• [Data extract]
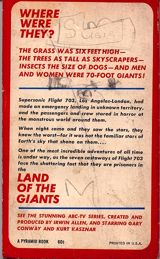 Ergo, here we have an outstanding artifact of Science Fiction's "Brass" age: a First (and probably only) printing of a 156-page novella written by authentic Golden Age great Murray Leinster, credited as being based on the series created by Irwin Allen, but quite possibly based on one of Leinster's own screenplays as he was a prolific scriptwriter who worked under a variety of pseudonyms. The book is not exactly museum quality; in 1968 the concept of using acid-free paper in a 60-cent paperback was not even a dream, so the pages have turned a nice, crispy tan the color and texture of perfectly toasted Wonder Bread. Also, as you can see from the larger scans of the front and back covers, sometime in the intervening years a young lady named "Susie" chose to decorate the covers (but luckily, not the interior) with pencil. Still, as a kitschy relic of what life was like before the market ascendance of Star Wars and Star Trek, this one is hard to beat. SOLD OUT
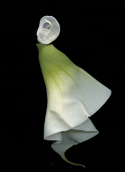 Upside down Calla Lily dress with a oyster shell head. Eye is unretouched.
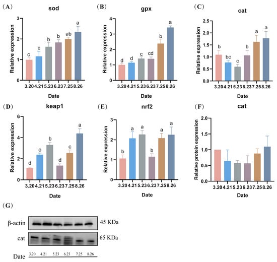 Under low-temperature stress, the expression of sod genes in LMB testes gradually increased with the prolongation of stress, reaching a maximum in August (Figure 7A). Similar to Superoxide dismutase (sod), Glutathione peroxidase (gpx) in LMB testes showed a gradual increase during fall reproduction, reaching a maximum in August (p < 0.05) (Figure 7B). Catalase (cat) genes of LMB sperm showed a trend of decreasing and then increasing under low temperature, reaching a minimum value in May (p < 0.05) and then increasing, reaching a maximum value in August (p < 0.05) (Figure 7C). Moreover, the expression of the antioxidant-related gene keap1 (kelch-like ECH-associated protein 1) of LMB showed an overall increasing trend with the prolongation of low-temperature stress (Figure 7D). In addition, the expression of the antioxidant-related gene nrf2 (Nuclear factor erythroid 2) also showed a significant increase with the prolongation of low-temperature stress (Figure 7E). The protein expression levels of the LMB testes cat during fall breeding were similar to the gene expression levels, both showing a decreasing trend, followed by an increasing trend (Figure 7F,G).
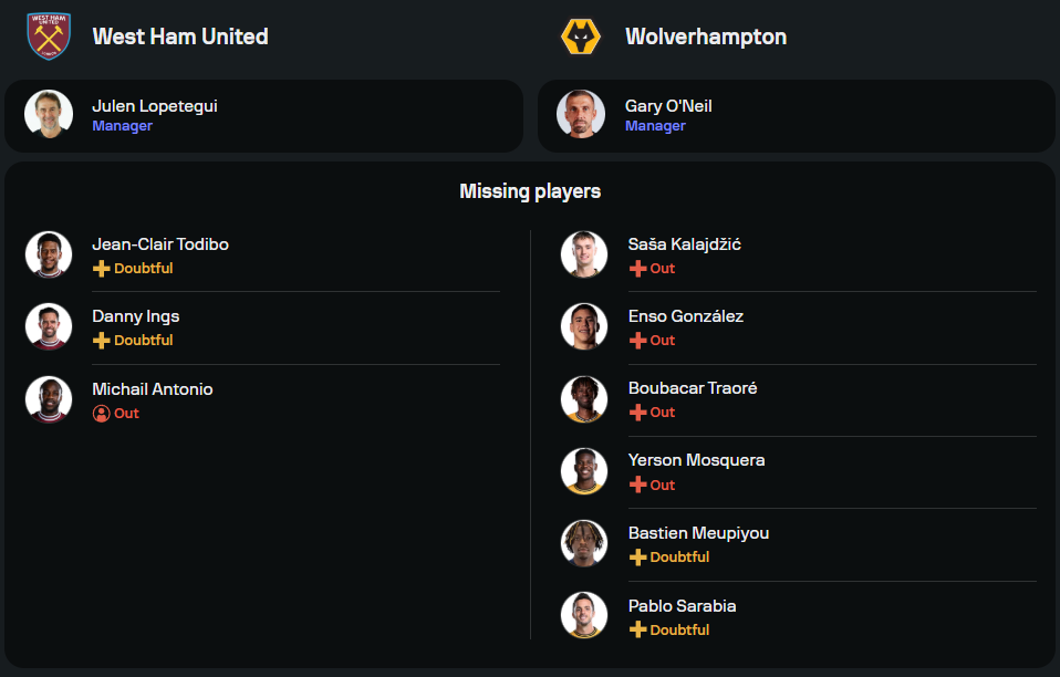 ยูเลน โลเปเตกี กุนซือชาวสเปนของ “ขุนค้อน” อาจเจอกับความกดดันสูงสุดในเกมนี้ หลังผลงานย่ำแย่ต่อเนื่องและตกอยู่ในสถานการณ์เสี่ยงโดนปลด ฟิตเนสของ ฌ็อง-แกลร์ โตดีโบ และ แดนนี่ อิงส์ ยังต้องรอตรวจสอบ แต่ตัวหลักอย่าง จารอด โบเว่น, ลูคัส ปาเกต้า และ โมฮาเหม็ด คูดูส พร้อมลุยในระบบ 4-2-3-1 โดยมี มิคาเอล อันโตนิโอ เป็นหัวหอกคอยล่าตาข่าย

• [What you are asked to do] Leave out the pictures and set down all of the data exactly.

• [Exercise solution]
 Ergo, here we have an outstanding artifact of Science Fiction's "Brass" age: a First (and probably only) printing of a 156-page novella written by authentic Golden Age great Murray Leinster, credited as being based on the series created by Irwin Allen, but quite possibly based on one of Leinster's own screenplays as he was a prolific scriptwriter who worked under a variety of pseudonyms. The book is not exactly museum quality; in 1968 the concept of using acid-free paper in a 60-cent paperback was not even a dream, so the pages have turned a nice, crispy tan the color and texture of perfectly toasted Wonder Bread. Also, as you can see from the larger scans of the front and back covers, sometime in the intervening years a young lady named "Susie" chose to decorate the covers (but luckily, not the interior) with pencil. Still, as a kitschy relic of what life was like before the market ascendance of Star Wars and Star Trek, this one is hard to beat. SOLD OUT
 Upside down Calla Lily dress with a oyster shell head. Eye is unretouched.
 Under low-temperature stress, the expression of sod genes in LMB testes gradually increased with the prolongation of stress, reaching a maximum in August (Figure 7A). Similar to Superoxide dismutase (sod), Glutathione peroxidase (gpx) in LMB testes showed a gradual increase during fall reproduction, reaching a maximum in August (p < 0.05) (Figure 7B). Catalase (cat) genes of LMB sperm showed a trend of decreasing and then increasing under low temperature, reaching a minimum value in May (p < 0.05) and then increasing, reaching a maximum value in August (p < 0.05) (Figure 7C). Moreover, the expression of the antioxidant-related gene keap1 (kelch-like ECH-associated protein 1) of LMB showed an overall increasing trend with the prolongation of low-temperature stress (Figure 7D). In addition, the expression of the antioxidant-related gene nrf2 (Nuclear factor erythroid 2) also showed a significant increase with the prolongation of low-temperature stress (Figure 7E). The protein expression levels of the LMB testes cat during fall breeding were similar to the gene expression levels, both showing a decreasing trend, followed by an increasing trend (Figure 7F,G).
 ยูเลน โลเปเตกี กุนซือชาวสเปนของ “ขุนค้อน” อาจเจอกับความกดดันสูงสุดในเกมนี้ หลังผลงานย่ำแย่ต่อเนื่องและตกอยู่ในสถานการณ์เสี่ยงโดนปลด ฟิตเนสของ ฌ็อง-แกลร์ โตดีโบ และ แดนนี่ อิงส์ ยังต้องรอตรวจสอบ แต่ตัวหลักอย่าง จารอด โบเว่น, ลูคัส ปาเกต้า และ โมฮาเหม็ด คูดูส พร้อมลุยในระบบ 4-2-3-1 โดยมี มิคาเอล อันโตนิโอ เป็นหัวหอกคอยล่าตาข่าย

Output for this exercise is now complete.